The UK turnover of Signet Jewelers and Aurum Holdings now totals a staggering £1.054 billion for the 12 months ending January this year. This is up over 22% from sales of £821 million the groups collectively generated in 2014-15.

In the June edition of WatchPro, we speak to the leaders of both groups: Seb Hobbs, president and chief customer officer at Signet Jewelers, and Brian Duffy, CEO of Aurum Holdings, and discover the very different paths they have followed in recent years and how they plan to continue growing through to 2020 and beyond.

Some of their stated aims are the same. Specifically, both want to become leaders in serving customers across physical and online stores. Wherever the customer wants to shop, they will be there with an omnichannel approach.

Both also have more than one retail brand in the UK, serving different customers. H.Samuel is more at the value end of the market than Ernest Jones, Signet’s mid-market jeweller.

Watches of Switzerland and Mappin & Webb offer more luxury brands than most Goldsmiths stores on the high street. Watchshop is purely online, specialising in high volume fashion and lifestyle brands.

There are differences: Signet is pushing hard to be best in bridal, and has increased the proportion of its sales from diamonds and diamond jewellery from 28% of UK turnover in 2013 to 35% last year.
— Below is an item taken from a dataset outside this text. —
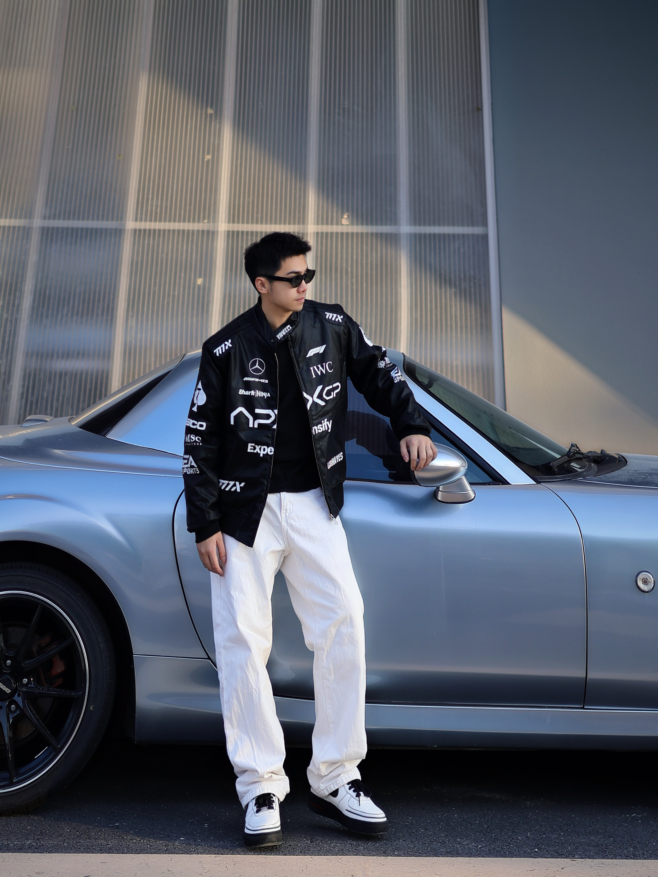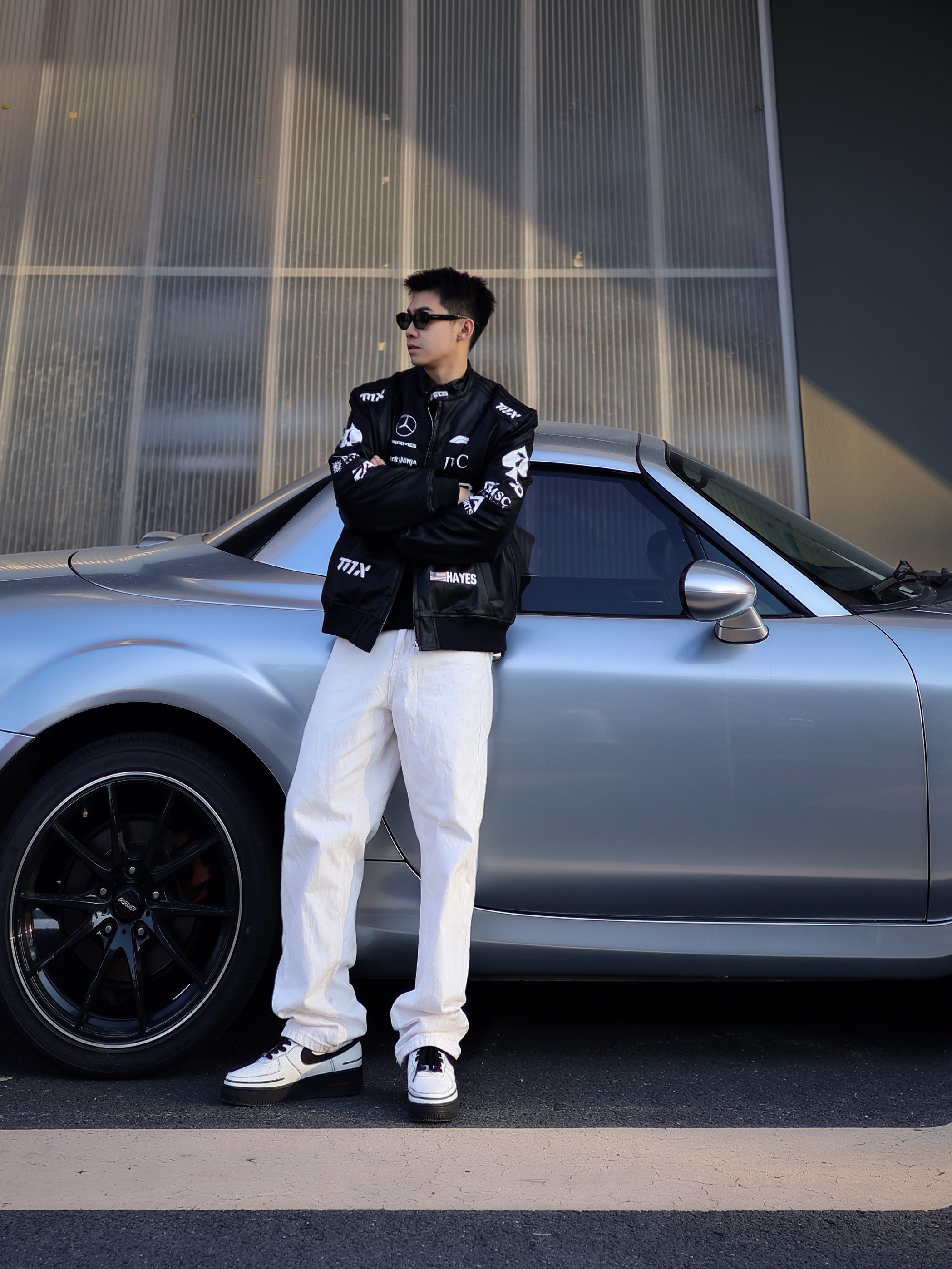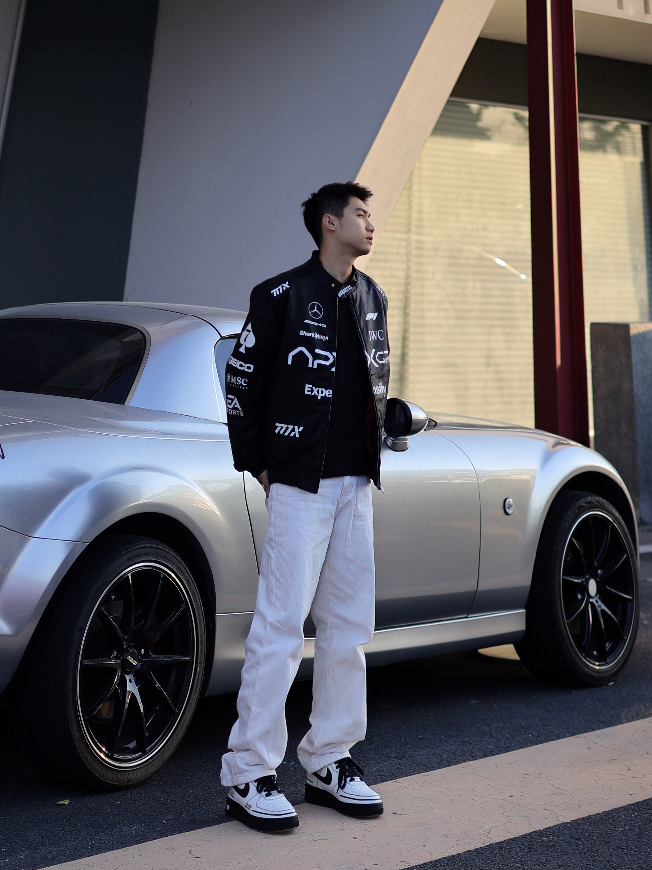冬天机车服潮酷出街! ⬇️⬇️⬇️ootd 上身一件xx机车服 美式赛车字母满印 硬朗中自带复古感 下搭一条白色牛仔裤 更显简约干净 鞋子选择了nike空军一号 手绘设计暗藏小心机 最后再搭配一幅墨镜呼应起来 黑白搭配 出门轻松炸街💥
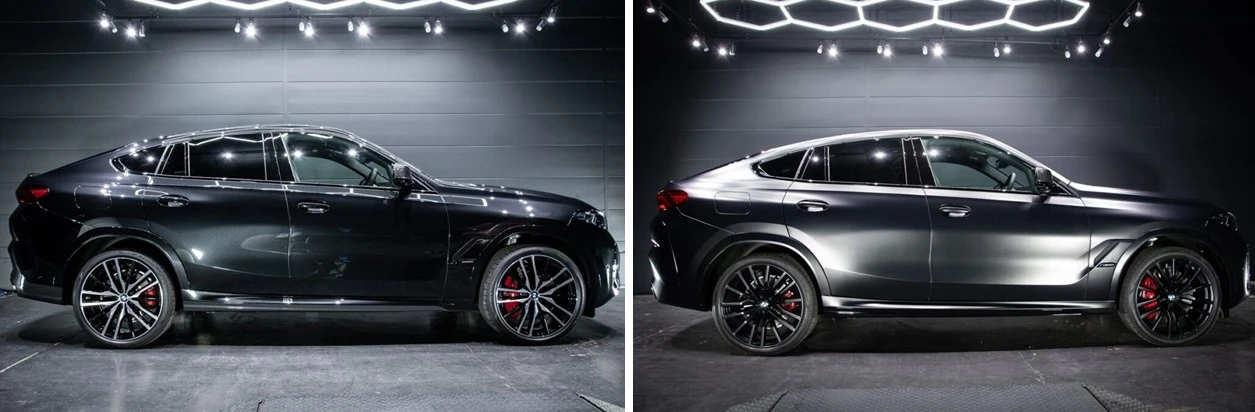 ビフォーアフター:Fenix Scratch Guard施工後のBMW X6M。同じクルマとは思えないほどの仕上がりにオーナーも満足している。

The proportion of sales from watches has been virtually unchanged at 32-33% for the past five years — a more impressive performance than it appears, because Ernest Jones stopped selling Rolex in 2012.

We do not know by how much the proportion of Aurum Holdings’ turnover from watches has changed over the same five year period, but we do know growth has been substantial as Watches of Switzerland has emerged as a major player in luxury Swiss watches. We also know luxury watch sales rose by 36% last year, alone.

These results are part of why Britain is the best-performing market in the world for Swiss watches right now, and that is important for all retailers.

Signet and Aurum are blazing a trail, which is pulling in additional investment from brands, most of which is going into store transformations that should iron in our advantage for years to come.

Massive multiples may often be seen as the enemy, but we all have reasons to be toast Signet’s and Aurum’s success.